How about instead of blind and deaf loyalty to technogizmos we EDUCATE children about firearms to take the curiosity out of the equation…. EDUCATE children so they understand what firearms are and respect the danger. Hiding guns from children leads to this. The dumbing down of America is working…and America and companies get fukked because of dumb ignorance..
Educate people? Educate??!!! That there’s crazy talk!
/Sarc
The use of technology with its multiple and usually hidden defects and bugs to accomplish something that can be done with a mechanical lock is a fool’s game. Yes, mechanical locks have their issues too, but they are known issues, and a good quality lock is going to defeat all but the very most precocious 12 year old.

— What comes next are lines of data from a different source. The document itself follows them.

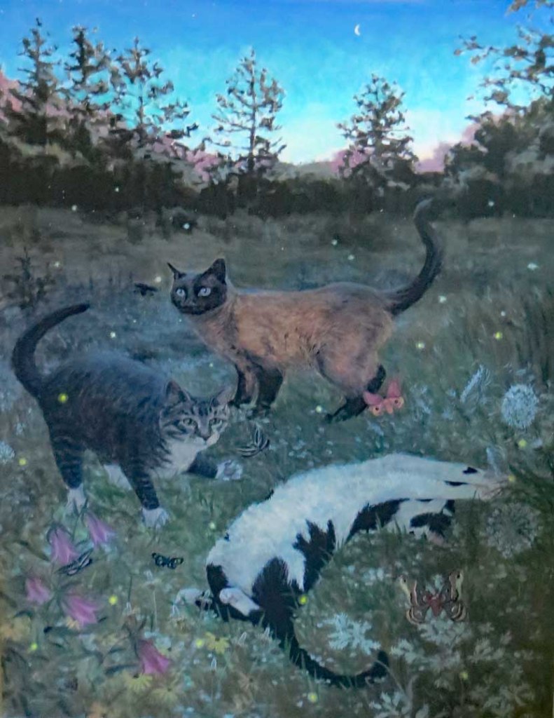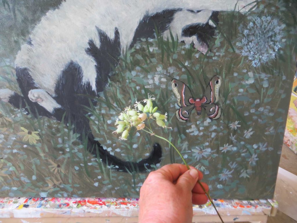 I guess this is done, more or less! Today I continued “frosting the cake”: darkening things, adding bugs, moths, lighting bugs and flowers.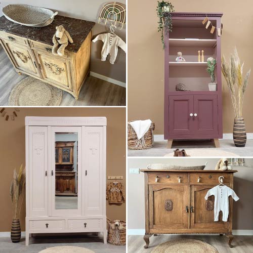 Tussen de shops die wij tonen bij Kinderkamerstylist.nl zitten een aantal shops die meubels opknappen en daarna weer verkopen. Je kan zelf op Marktplaats een oude kast kopen en opknappen (leuk!) maar je kan zo'n sfeervolle kast ook kant en klaar kopen, bij 1 van die webshops. Zij maken hem vaak weer perfect in orde. Fixen de slotjes, maken dat de lades etc weer goed lopen en gebruiken verf op waterbasis. Scheelt toch ook veel tijd en ziet er daarna ook echt goed uit. Ook een aanrader dus.
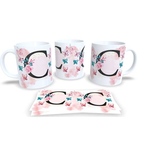 Caneca de porcelana de alto brilho, com alça e interior branca Coleção Alfabeto Iniciais Nomes.
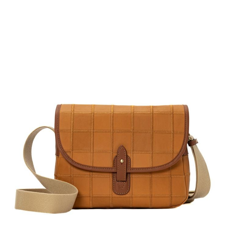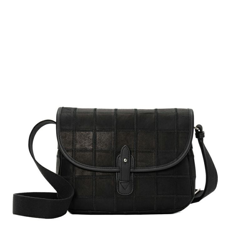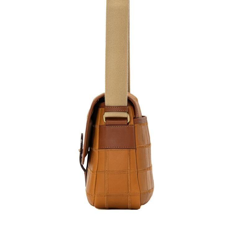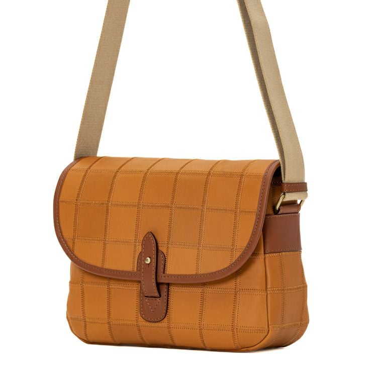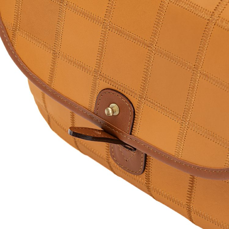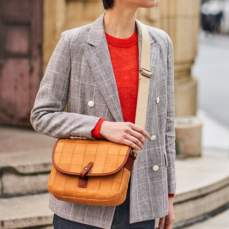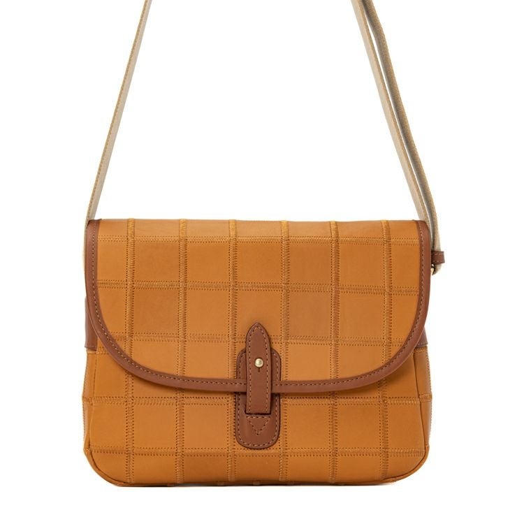 どこか懐かしさを感じるフラップ型のフォルムに、革の質感とニュアンスが重なる佇まい。

Don’t get me wrong, I work in IT, and I write software for a living, so I’m not a Luddite. But I do think that there are places where software isn’t the appropriate solution, and locks are among those things where it isn’t, at least for an individual. Individuals, even technologically savvy ones, don’t have the IT resources of an organization to devote to problems of access.
A couple of years ago, I saw a video on ScrewTube on methods to defeat battery-powered locks on smaller safes/boxes. One was using a straightened paper clip inserted between the cover and the box to reset the combination to default.
I’ll stick with mechanical locks, thank you.
My only experience with biometrics is on two laptop computers, from two different manufacturers.
I programmed both with my fingerprint, per instructions. Both say they finished the programming. Neither of them accepts my fingerprint — not at all, not even 10% of the time.
It may be that at age 67 my fingerprint is too worn to be recognized reliably, but if so, why did two different implementations claim to have learned it?
So my conclusion, on evidence available to me, is that biometric locks (at least the fingerprint type) are utterly worthless and incapable of functioning at all. So yes, I’ll stick to combination locks, and given the Liberty Safe debacle, preferably mechanical ones.
A couple years ago, when I was a gunsmith in training we spend some time on the IWA (a smaller Shot Show with way more beer) going around the then new fangled biometric gun safe aisles and unlocking them with various methods.
The old sensors that required touch contact could be defeated by a gummy bear.